Don't just see the sights—get to know the people.

The Japanese people have always seen themselves as a nation uniquely apart. Their exquisite art forms and elegant culture, military prowess and technological precision, have long been the envy of friend and foe alike. Today, even as Japan adapts to a rapidly changing world, its traditional culture and consensus-based philosophy have proved remarkably resilient.

Culture Smart! Japan will broaden your perception and understanding of this complex, rich, and dynamic society. It will guide you through modern Japan s shifting social and cultural maze, and equip you with the tools to avoid the pitfalls of cultural misunderstanding. It provides practical tips and invaluable insights into people s attitudes and behavior to help make your visit a more meaningful and successful experience.

Have a richer and more meaningful experience abroad through a better understanding of the local culture. Chapters on history, values, attitudes, and traditions will help you to better understand your hosts, while tips on etiquette and communicating will help you to navigate unfamiliar situations and avoid faux pas.


Product Details

ISBN-13: 9781787028937
Publisher: Kuperard
Publication date: 03/04/2021
Series: Culture Smart! , #114
Sold by: Barnes & Noble
Format: eBook
Pages: 200
Sales rank: 599,234
File size: 3 MB

About the Author

Paul Norbury has been closely associated with Japan and Asian Studies as publisher, editor, and author. He is also the author of Culture Smart! Britain.

Read an Excerpt

Culture Smart! Japan


By Paul Norbury

Bravo Ltd

Copyright © 2016 Paul Norbury
All rights reserved.
ISBN: 978-1-85733-860-7



CHAPTER 1

LAND & PEOPLE


LOCATION

The Japanese archipelago, situated in the North Pacific to the east of Korea, consists of four main islands — Hokkaido, Honshu (the largest, with 60 percent of the landmass), Shikoku (the smallest), and Kyushu — which together make up 98 percent of the country's territory. The remainder is made up of a number of small islands, including the Ryukus (of which Okinawa is one), which lie strung out in the Pacific between Kagoshima in southern Kyushu and Taiwan; in addition, there are some 3,000 tiny islets that surround the coastline and extend southward.

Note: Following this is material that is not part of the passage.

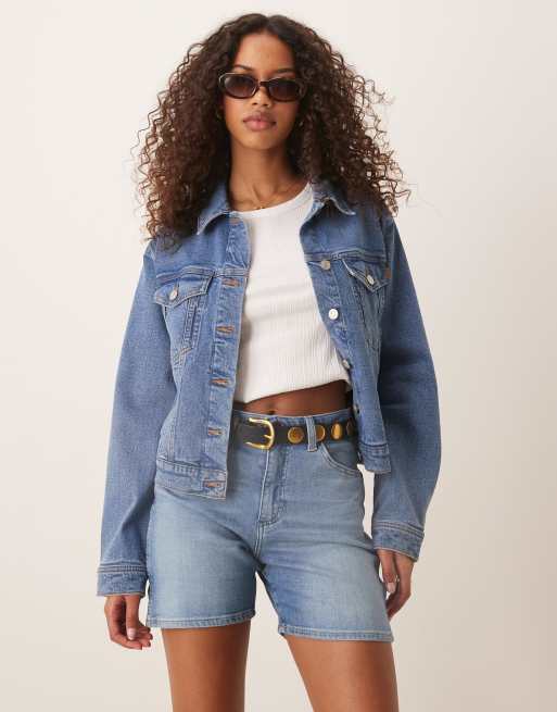 - Non-stretch denim: mid-blue wash

Overall, Japan is slightly smaller than France or Spain, but slightly larger than Italy or the British Isles, and accounts for 0.3 percent of the world's landmass. The "arc" of its primary archipelago extends from 30°N in southern Kyushu to 45°N in northern Hokkaido, a latitudinal range comparable to the Atlantic seaboard of the USA from Maine to Florida, or in Europe, from Venice to Cairo; if we include the string of southern islands (such as Okinawa), which reach as far south as latitude 20, the distance covered is 2,362 miles (3,800 kilometers).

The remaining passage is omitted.